Bjoern Hoehrmann wrote:
When making http://katograph.appspot.com/ which renders the german Wiki- pedia category system as an interactive "treemap" based on information like number of articles in them and requests during a 3 day period, I found that the proxy logs used for stats.grok.se are rather unreliable, with many of the "top" pages being inplausible (articles on not very notable subjects that have existed only for a very short time show up in the top ten, for instance). On http://stats.grok.se/en/top you can see this aswell, 40 million views for `Special:Export/Robert L. Bradley, Jr` is rather implausible, as far as human users are concerned.
Yes, the data is susceptible to manipulation, both intentional and unintentional. As I said, this was a first-pass implementation on Domas' part. As far as I know, this hasn't been touched by anyone in years. You're absolutely correct that, at the end of the day, until the data itself is better (more reliable), the resulting tools/graphs/scripts/everything that rely on it will be bound by its limitations.
MZMcBride wrote:
Is it worth a Toolserver user's time to try to create a database of per-project, per-page page view statistics?
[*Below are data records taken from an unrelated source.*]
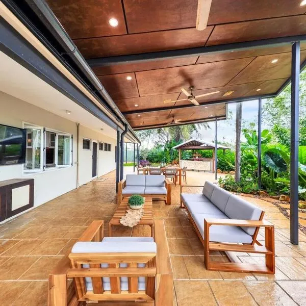 Reef Villa - A Sprawling Waterfront Oasis位于达尔文,提供户外游泳池和露台,距离木麻黄海滩(Casuarina Beach)有19分钟步行路程,距离北部地区博物馆及美术馆有11公里,距离达尔文植物园有11公里。这家自助式别墅配有私人泳池、花园、烧烤设施、免费WiFi和免费私人停车位。
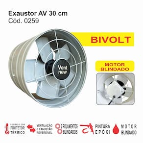 EXAUSTOR E VENTILADOR ALTA VAZÃO PAREDE 30cm CODIGO 0259 BIVOLT / MOTOR BLINDADO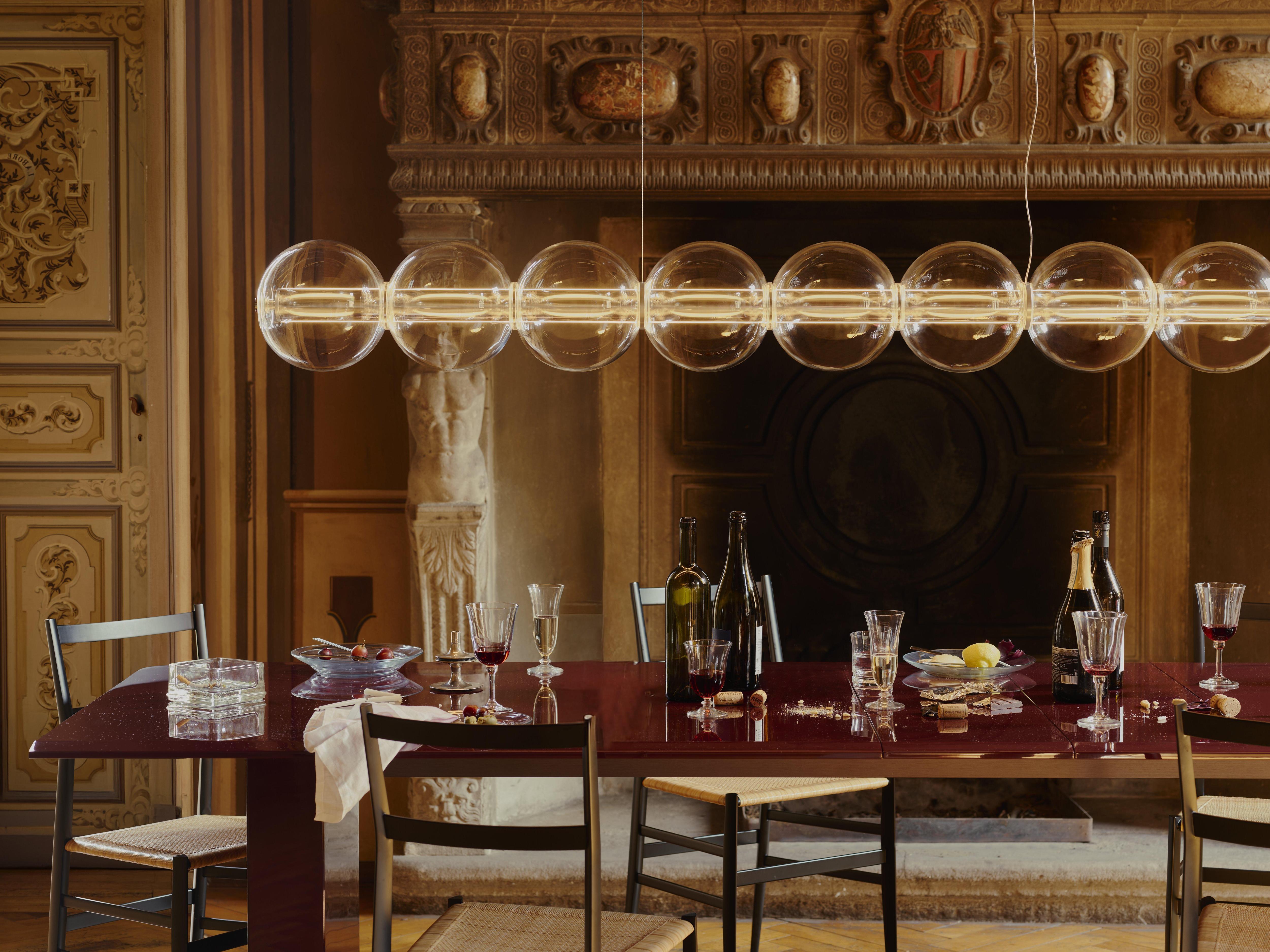 «Luce Sferica — это светильник, который стремится к изысканности и простой красоте: его форма напоминает капли дождя, цепляющиеся за провода, или мыльные пузыри, которые надувают дети», — говорит дизайнер Ронан Буруллек (Ronan Bouroullec).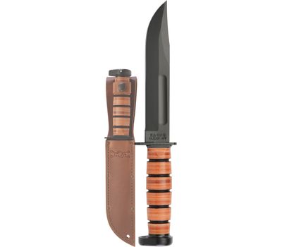 З 1940-х років бойовий / службовий ніж Ka-Bar USMC 7 "був надійним супутником солдатів, морських піхотинців і моряків. Тепер, завдяки більш ніж півстолітнім традиціям, в поєднанні з сучасними інструментами і конструкцією, цей ніж готовий до наступних 50 років служби. Сталь 1095 Cro-Van з впізнаваним clip-point клинком ретельно відшліфована і піддана термообробці, щоб кожен ніж був міцним і довговічним, при цьому залишаючись легким для заточування до бритви. Ручки з Black Kraton G мають знайому овальну форму, їх зручно тримати в руці, забезпечуючи при цьому відмінне зчеплення і контроль. Бойовий / універсальний ніж Ka-Bar, надійно розміщений між захистом для пальців і держаком, залишається в руці незалежно від того, чи перебуваєте ви в ближньому бою або прокладаєте шлях крізь густу рослинність. Піхви з коричневої шкіри додають естетичної привабливості ножу з надійним ременем для перенесення.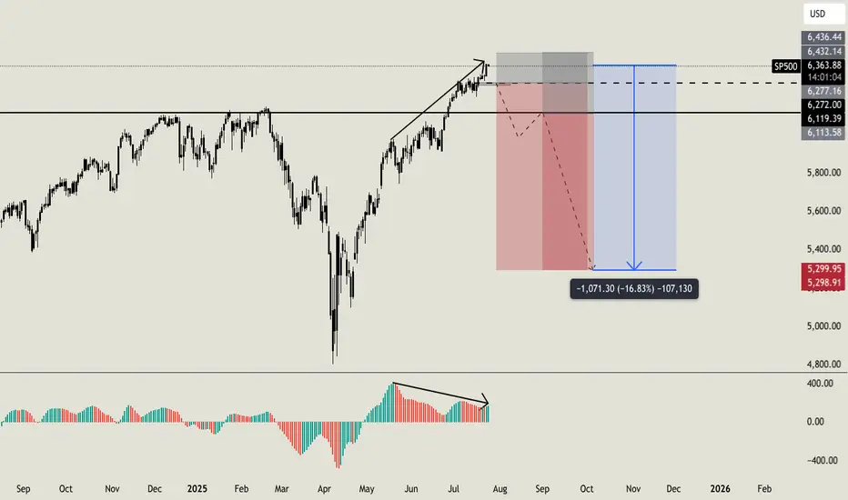 Hello all. I usually love to work analyzing volumes, times and key level, i am not used to check the standard indicators, but this time i'll made an exception. Lot of indicators (AO, MACD, RSI, OBV) are showing weakness on higher timeframe with a strong bearish divergence (like the one i am sharing now on AO). On smaller timeframe i usually ignore this signals, because they can result in a little retrace, but on higher timeframe like this one can be a strong reversal indicator. But this is not the only things that let me open this position. Going deeper into my analysis, i have a first key level at $6270. Once we will break below this level, i'll open my first sell order with a stoploss a little higher than ATH. If price will break below my second key level at $6120 i'll open my second short order. My main and final target is $5300 (around -16% from now) but i will consider to secure profits before this level. I'll update you guys, and let me know if you are agree with me or not. Cheers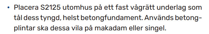 Hej, Ska gjuta betongplatta till S2125 imorgon och hade tänkt ha lite lutning på den för att vattnet ska rinna av. Jag förutsätter att man kan justera dom fyra fötterna för att få den stå i våg? Hittade dock inget om det i installationshandboken: https://proffs.nibe.se/nibedocuments/31231/631673-1.pdf Någon som vet? Annars får jag gjuta en helt plan platta. EDIT: Eller iofs det står att plattan ska vara vågrätt. Så det kanske inte går att justera fötterna?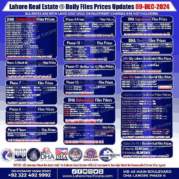 Stay informed about the latest file rates and market trends in top-tier housing societies of Pakistan. This comprehensive overview covers DHA Lahore, DHA Multan, DHA Peshawar, LDA City, Liberty Lands & many more, providing insights into current prices, investment potential, and expert analysis.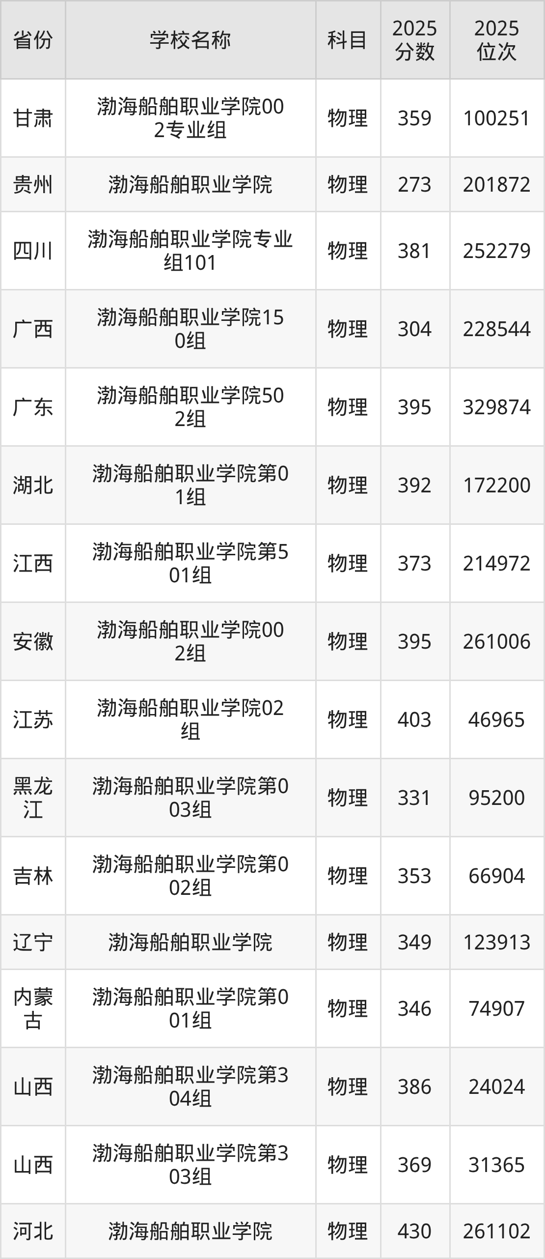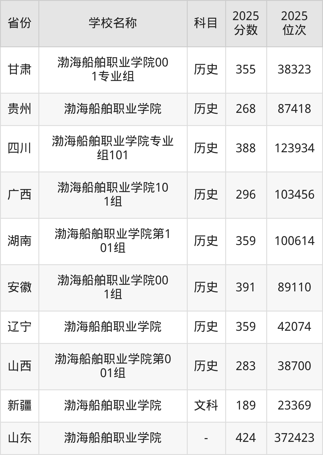 一、2025渤海船舶职业学院录取分数线
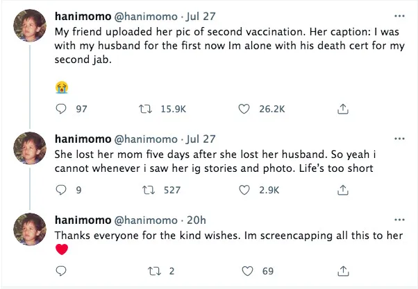 One of the stories was shared by Twitter user @hanimomo a few days ago. In the caption, she shared how her friend lost her husband and her mother in a short period of time.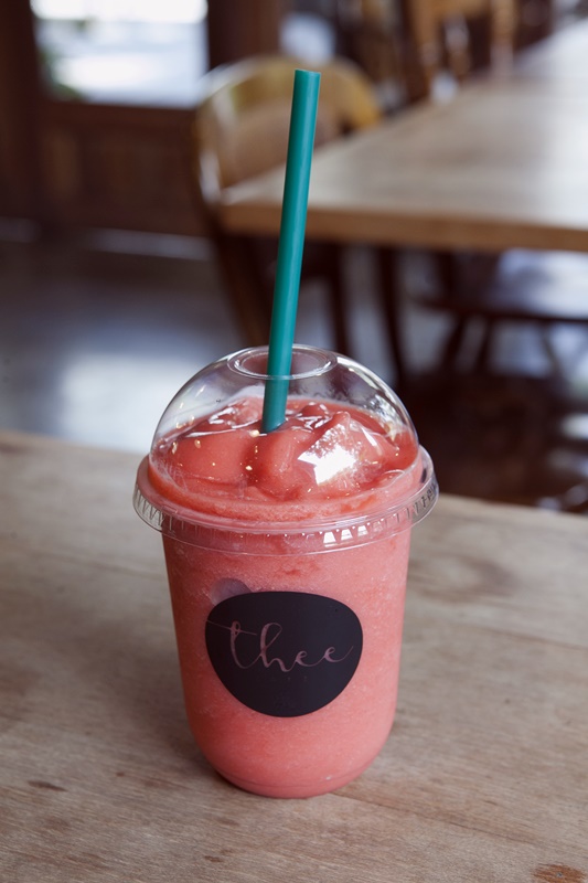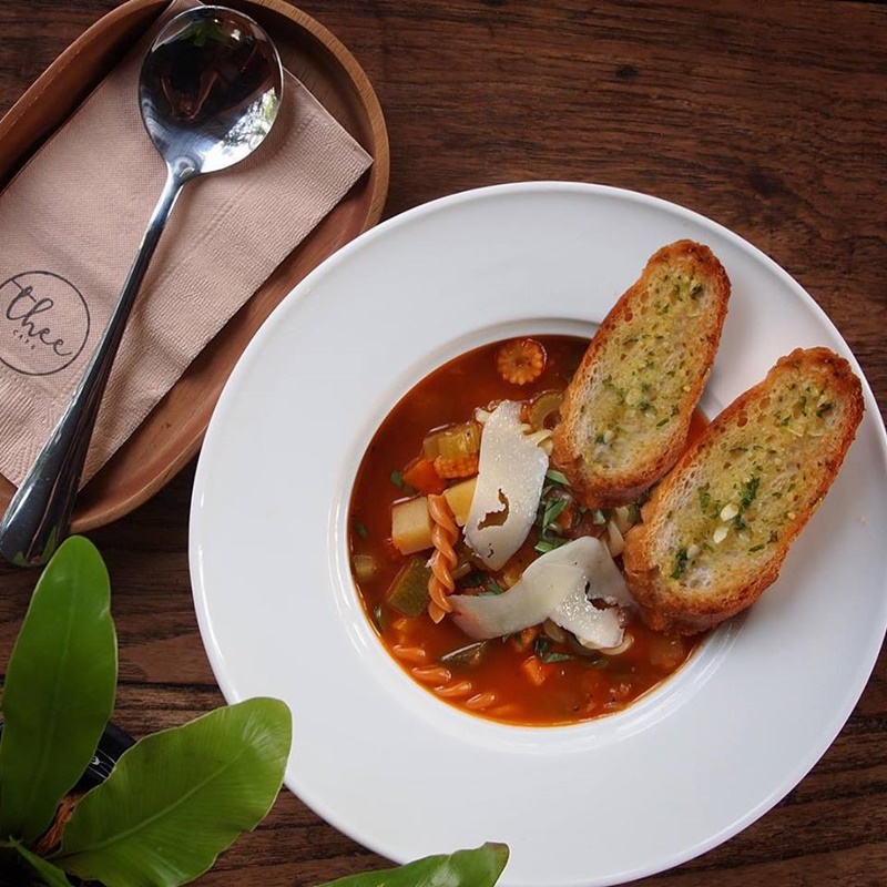 ขอแนะนำคาเฟ่สุดอบอุ่น กลางสวนร่มรื่นกับร้าน “Thee Café” ในซอยงามวงศ์วาน 54 กับบรรยากาศแนววินเทจ บ้านไม้โทนสีน้ำตาล รายล้อมด้วยร่มไม้สีเขียวร่มรื่น เหมาะสำหรับการนั่งชิลๆ จิบชาและกาแฟสูตรพรี่เมี่ยมของทางร้านเบาๆหรือจะสั่งเป็นเครื่องดื่มเย็นสดชื่น “RHUBARB HONEY SODA” รูบาร์บ น้ำผึ้ง และโซดาผสมผสานกันอย่างลงตัว กินเข้ากับอาหารฟิวชั่นสไตล์เพื่อสุขภาพ ไม่ว่าจะเป็นเมนูหลักๆ อย่าง “สปาเก็ตตี้มันกุ้ง” และเมนูใหม่ล่าสุดของทางร้าน “ข้าวไก่รมควัน” บวกน้ำจิ้มแจ่วรสเด็ด อิ่มครบเครื่องไปในตัว ตบท้ายด้วยของหวานเค้กโฮมเมดที่สาวๆ ขาดไม่ได้แน่นอน

Is it worth a grant from the Wikimedia Foundation to have someone work on this? Is it worth trying to convince Wikimedia Deutschland to assign resources? And, of course, it wouldn't be a bad idea if Domas' first-pass implementation was improved on Wikimedia's side, regardless.
The data that powers stats.grok.se is available for download, it should be rather trivial to feed it into toolserver databases and query it as desired, ignoring performance problems.
Not simply performance. It's a lot of data and it needs to be indexed. That has a real cost. There are also edge cases and corner cases (different encodings of requests, etc.) that need to be accounted for. It's not a particularly small undertaking, if it's to be done properly.
MZMcBride